You have to clone the repository and then install the package:

git clone https://github.com/lcswillems/torch-rl.git
cd torch_rl
pip3 install -e torch_rl

To update the package, just do git pull. No need to install it again.

The starter files presented just below are best suited for MiniGrid environments that you can install with:

git clone https://github.com/maximecb/gym-minigrid.git
cd gym-minigrid
pip3 install -e .

But the starter files can be easily adapted to other environments.

Starter files

The torch_rl package comes out of the box with starter files:

generic RL scripts:
- scripts/train.py to train an agent
- scripts/visualize.py to visualize how an agent behaves
- scripts/evaluate.py to evaluate agent's performances
a default agent's model: model.py (more details below)
utilitarian classes and functions (in utils) used by the scripts

To adapt these files to your needs, you may want to modify:

model.py
utils/format.py

`scripts/train.py`

An example of use:

python3 -m scripts.train --algo ppo --env MiniGrid-DoorKey-5x5-v0 --model DoorKey --save-interval 10

In this use case, the script loads the model in storage/DoorKey or creates it if it doesn't exist, then trains it with the PPO algorithm on the MiniGrid DoorKey environment, and saves it every 10 updates in the storage/DoorKey directory.

Note: You can define a different storage location in the environment variable TORCH_RL_STORAGE.

More generally, the script has 2 required arguments:

--algo ALGO: name of the RL algorithm used to train
--env ENV: name of the environment to train on

and a bunch of optional arguments among which:

--recurrence N: gradient will be backpropagated over N timesteps.
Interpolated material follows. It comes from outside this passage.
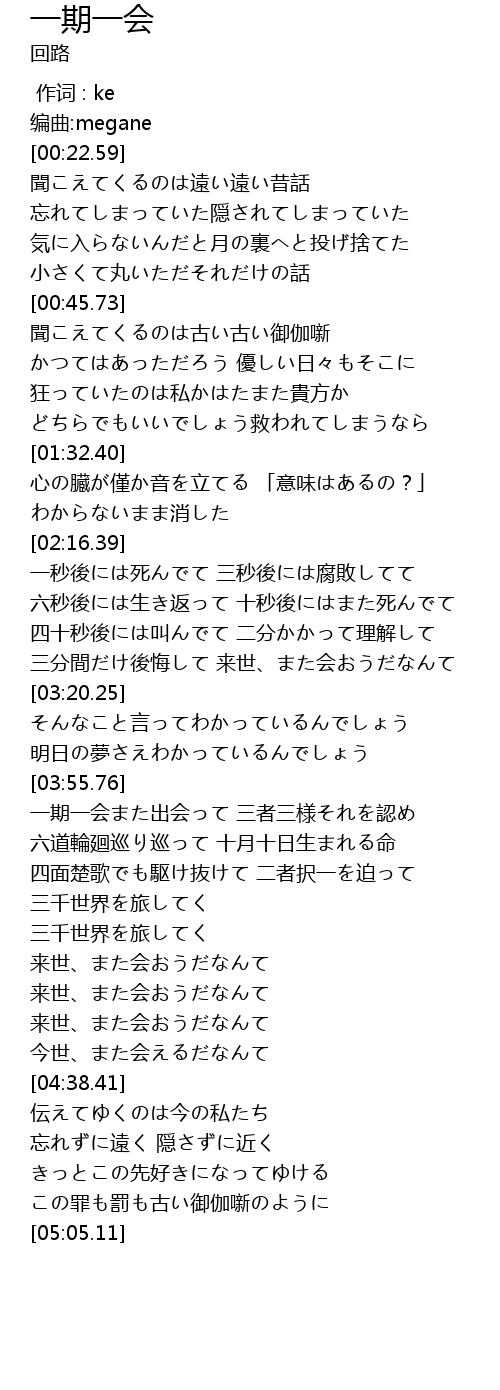 | [04:33.64] | 今世、また会えるだなんて |
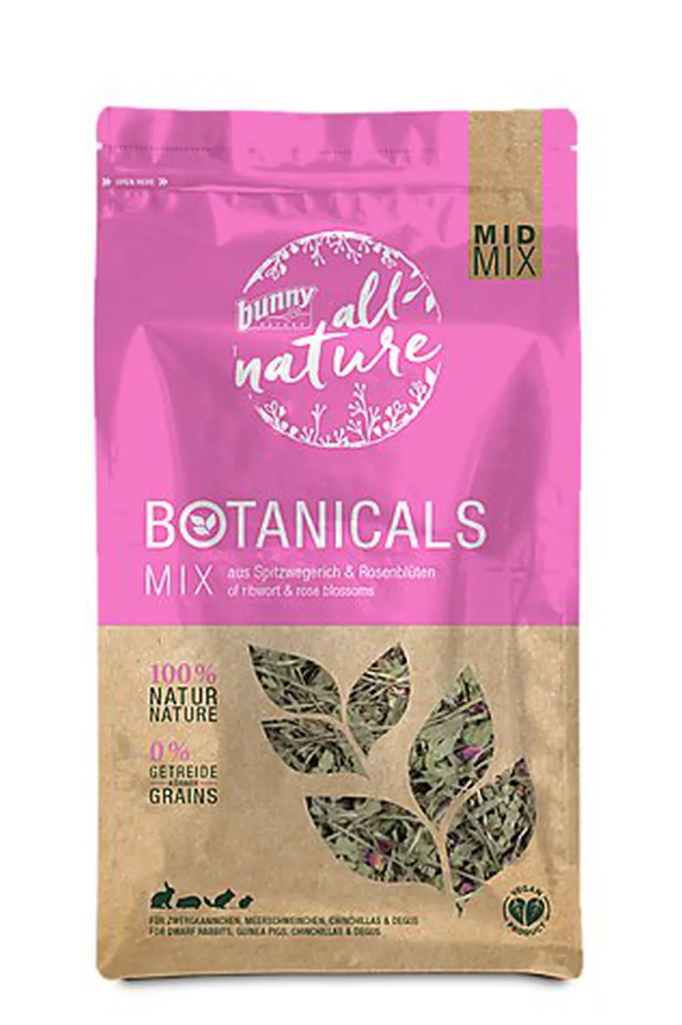Aliment complémentaire au plantain lancéolé et fleurs de rose pour lapins nains, cochons d’Inde, chinchillas et octodons.

By default, N = 1. If N > 1, a LSTM is added to the model to have memory.
--text: a GRU is added to the model to handle text input.
... (see more using --help)

During training, logs are printed in your terminal (and saved in text and CSV format):

Note: U gives the update number, F the total number of frames, FPS the number of frames per second, D the total duration, rR:μσmM the mean, std, min and max reshaped return per episode, F:μσmM the mean, std, min and max number of frames per episode, H the entropy, V the value, pL the policy loss, vL the value loss and ∇ the gradient norm.

During training, logs might also be plotted in Tensorboard if --tb is added.

Note: tensorboardX package is required and can be installed with pip3 install tensorboardX.

`scripts/visualize.py`

An example of use:

python3 -m scripts.visualize --env MiniGrid-DoorKey-5x5-v0 --model DoorKey

In this use case, the script displays how the model in storage/DoorKey behaves on the MiniGrid DoorKey environment.

More generally, the script has 2 required arguments:

--env ENV: name of the environment to act on.
--model MODEL: name of the trained model.

and a bunch of optional arguments among which:

--argmax: select the action with highest probability
... (see more using --help)

`scripts/evaluate.py`

An example of use:

python3 -m scripts.evaluate --env MiniGrid-DoorKey-5x5-v0 --model DoorKey

In this use case, the script prints in the terminal the performance among 100 episodes of the model in storage/DoorKey.

More generally, the script has 2 required arguments:

--env ENV: name of the environment to act on.
--model MODEL: name of the trained model.

and a bunch of optional arguments among which:

--episodes N: number of episodes of evaluation. By default, N = 100.
... (see more using --help)

`model.py`

The default model is discribed by the following schema:

By default, the memory part (in red) and the langage part (in blue) are disabled. They can be enabled by setting to True the use_memory and use_text parameters of the model constructor.

This model can be easily adapted to your needs.

`torch_rl` package

The package consists of:

torch_rl.A2CAlgo and torch_rl.PPOAlgo classes for A2C and PPO algorithms
torch_rl.ACModel and torch_rl.RecurrentACModel abstract classes for non-recurrent and recurrent actor-critic models
a torch_rl.DictList class for making dictionnaries of lists list-indexable and hence batch-friendly

How to use?

Here are detailed the most important parts of the package.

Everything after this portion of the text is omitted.